Every record below should be copied exactly, with the pictures left out.

+===+

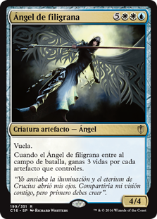 | Rules | Flying When Filigree Angel enters the battlefield, you gain 3 life for each artifact you control. |
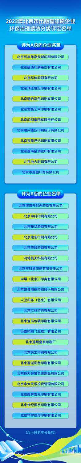 2023年北京市出版物印刷企业环保治理绩效分级评定名单
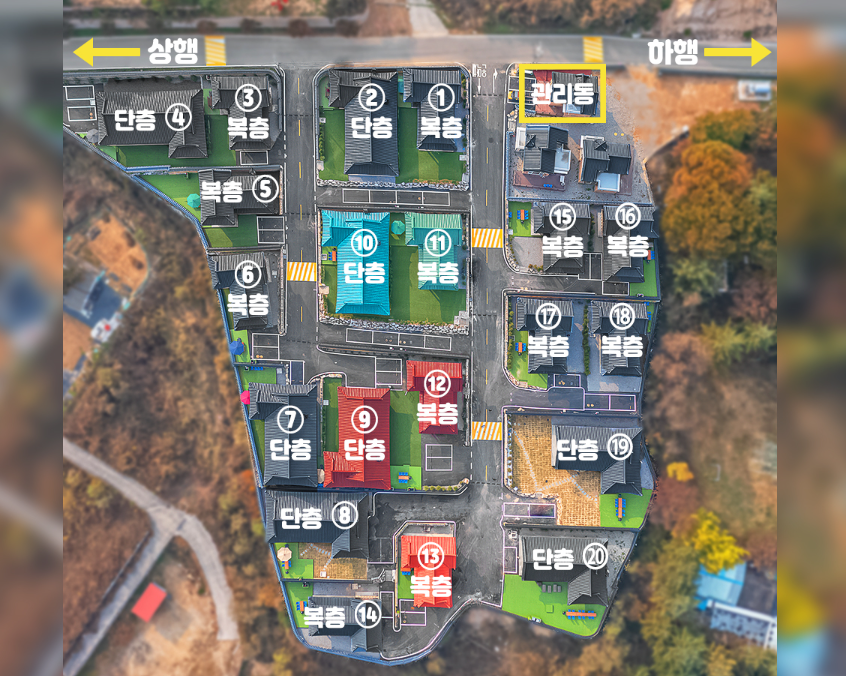 단층과 복층으로 이루어져있으며 20개의 한옥건물로 구성되어있습니다
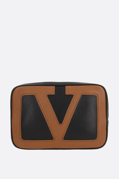 Valentino Garavani clutch made of black nappa leather with a contrasting maxi VLogo Signature. Featuring gold-tone hardware, zip closure, and a removable wrist strap. The black nappa-lined interior includes three card slots.
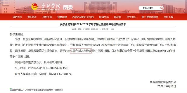 为进一步规范对学生社团的管理,促进学生社团的健康发展,促进学生社团形成“创先争优”的意识,营造良好的学生社团发展氛围,依据《合肥学院学生社团建设管理实施细则》,经学生社团建设管理评议委员会研究,共青团合肥学院委员会决定开展合肥学院2021-2022学年学生社团年审工作,即星级评定及续建。
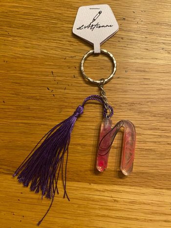 Porte clé lettre N Avec pompon Environ 4 cm idée cadeau Neuf
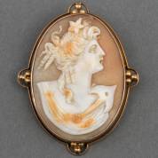 BWGG cameebroche gezet met damesportret en profil en veiligheidsketting, brutogewicht 8,8 gram, 5 × 4 cm
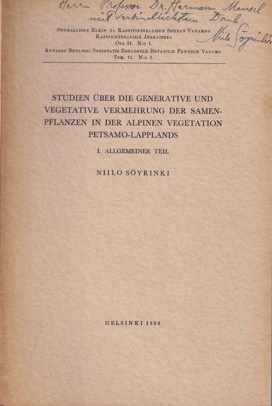 Söyrinki, Niilo: Studien über die generative und vegetative Vermehrung der Samenpflanzen in der alpinen Vegetation Petsamo-Lapplands. I. Allgemeiner Teil. 1938. (Annales Botanici Societatis Zoologicae - Botanicae Fennicae Vanamo, Tom. 11 No. 1). 20 Abb. 13 Tab. IX, 323 S. gr8vo. Broschiert.(83231) 29.96
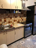 • кухня: стильный кухонный гарнитур светло-зеленые верхние шкафы, бежевые нижние, электрическая плита с духовкой, вытяжка, вместительный холодильник. оригинальный фартук с "кофейным" рисунком создает теплую атмосферу. есть обеденный стол.

+===+

- Written solution:
 | Rules | Flying When Filigree Angel enters the battlefield, you gain 3 life for each artifact you control. |
 2023年北京市出版物印刷企业环保治理绩效分级评定名单
 단층과 복층으로 이루어져있으며 20개의 한옥건물로 구성되어있습니다
 Valentino Garavani clutch made of black nappa leather with a contrasting maxi VLogo Signature. Featuring gold-tone hardware, zip closure, and a removable wrist strap. The black nappa-lined interior includes three card slots.
 为进一步规范对学生社团的管理,促进学生社团的健康发展,促进学生社团形成“创先争优”的意识,营造良好的学生社团发展氛围,依据《合肥学院学生社团建设管理实施细则》,经学生社团建设管理评议委员会研究,共青团合肥学院委员会决定开展合肥学院2021-2022学年学生社团年审工作,即星级评定及续建。
 Porte clé lettre N Avec pompon Environ 4 cm idée cadeau Neuf
 BWGG cameebroche gezet met damesportret en profil en veiligheidsketting, brutogewicht 8,8 gram, 5 × 4 cm
 Söyrinki, Niilo: Studien über die generative und vegetative Vermehrung der Samenpflanzen in der alpinen Vegetation Petsamo-Lapplands. I. Allgemeiner Teil. 1938. (Annales Botanici Societatis Zoologicae - Botanicae Fennicae Vanamo, Tom. 11 No. 1). 20 Abb. 13 Tab. IX, 323 S. gr8vo. Broschiert.(83231) 29.96
 • кухня: стильный кухонный гарнитур светло-зеленые верхние шкафы, бежевые нижние, электрическая плита с духовкой, вытяжка, вместительный холодильник. оригинальный фартук с "кофейным" рисунком создает теплую атмосферу. есть обеденный стол.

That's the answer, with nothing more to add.